There are only two possible conclusions to draw from all of this: either the FBI is lying to the White House (misleading the President), and actually does possess enough knowledge about the tool to warrant a review, or the FBI never evaluated and validated the safety of this tool, never learned how it worked, and recklessly used it on a piece of terrorism-related evidence so high profile that it warranted an egregious abuse of the constitution when ordering Apple to assist… yet was so inconsequential a piece of evidence that the FBI didn’t have a problem running an ordinary jailbreak tool on it. This would not fall short of misleading the court.
The Syed Farook case has been wrought with recklessness. Numerous mistakes were made early on, as I’ve written about, such as changing the iCloud password and possibly even powering down the device (or letting it die), locking the encryption. When the FBI demonstrated that only a mere 30 days was necessary in order to get into the iPhone, many interpreted this as proof that adequate due diligence had not been done prior to filing for an All Writs Act order against Apple.
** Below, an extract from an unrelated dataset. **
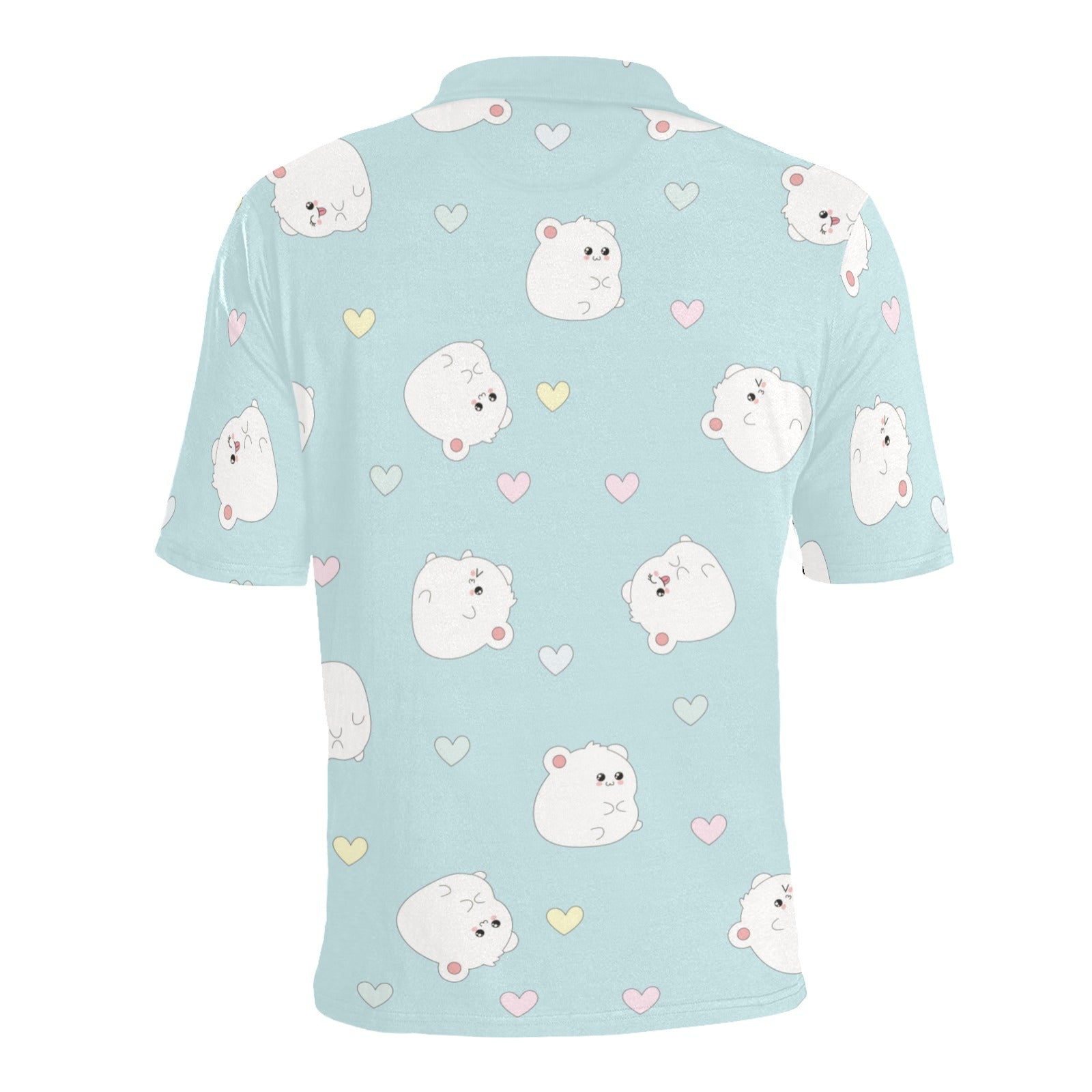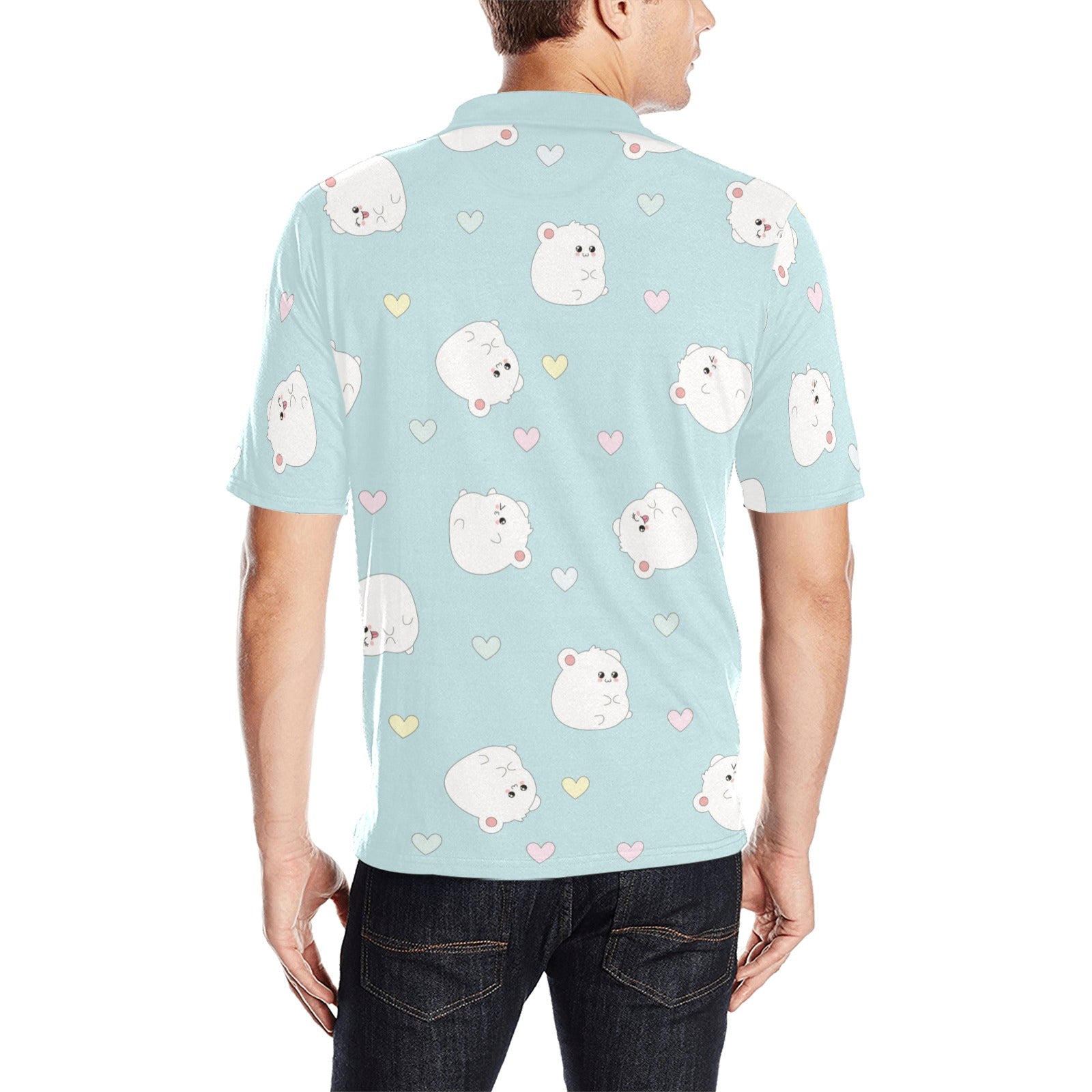 White cute hamsters heart pattern Men's All Over Print Polo Shirt
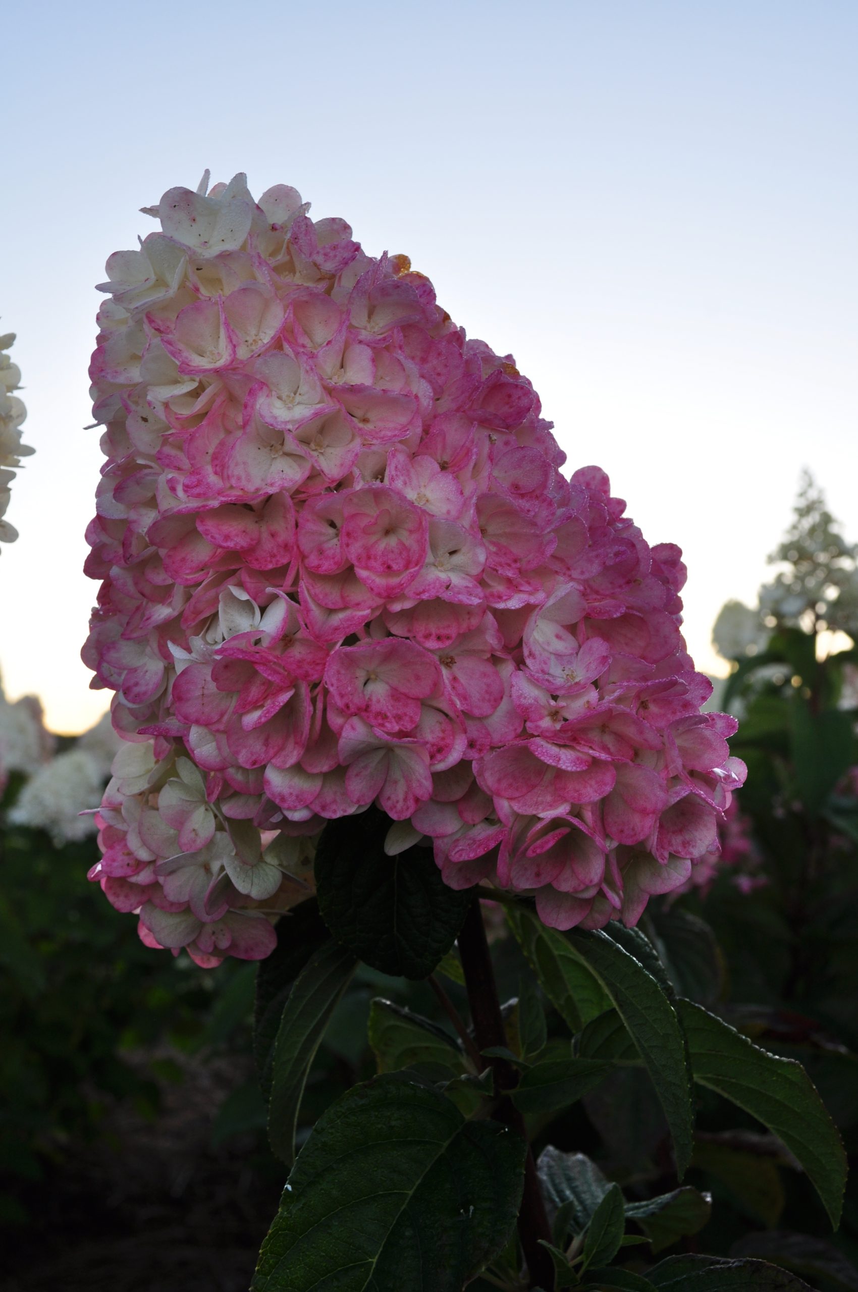 Кущ не розвалюється, листочки з яскраво-вираженими утопленими жилками, правильної форми. Гортензія волотиста ‘Sundae Fraise’ – це різновид гортензії, що характеризується зміною кольорів: в середині літа вона розкривається кремово-білим відтінком, а пізніше в сезоні стає полунично-рожевою. З наближенням осені вона знову змінюється, набуваючи насиченого рожево-червоного відтінку. Квітка конічна, пухка та пухнаста, розташована на кінчиках дугоподібних гілок. Кущ компактний та листопадний, тому його найкраще садити разом із вічнозеленою рослиною-компаньйоном.

Beyond this case, the FBI has pulled out of their NY iPhone case after the passcode was given to them – further suggesting the FBI’s unwillingness or inability to do their job, to the degree of abusing the All Writs Act as an alternative to good police work.
Ironically, the NY case highlighted the DOJ’s reluctance to use an undocumented hacking tool named IP-BOX, which was essentially a “black box” to brute force PINs on iOS 7/8 devices, and listed as one major reason Apple’s help was required. Ironically, the FBI is claiming to have done the very thing here that they argued they shouldn’t do with regards to the NY case: Use an undocumented, opaque hacking tool that they were unable to fully understand. It would seem that situation ethics are in play here.
This sets a dangerous practice in motion: The FBI has offered this tool to any other law enforcement agencies that need it. So the FBI is endorsing the use of an untested tool that they have no idea how it works, for every kind of case that could go through our court system. A tool that was also only tested, if at all, for one very specific case now being used on a very broad set of types of data and evidence, which it could easily damage, alter, or – more likely – see thrown out of cases as soon as it’s challenged. If the FBI truly does not know how this tool works, they’ve created an extremely dangerous situation for all of us.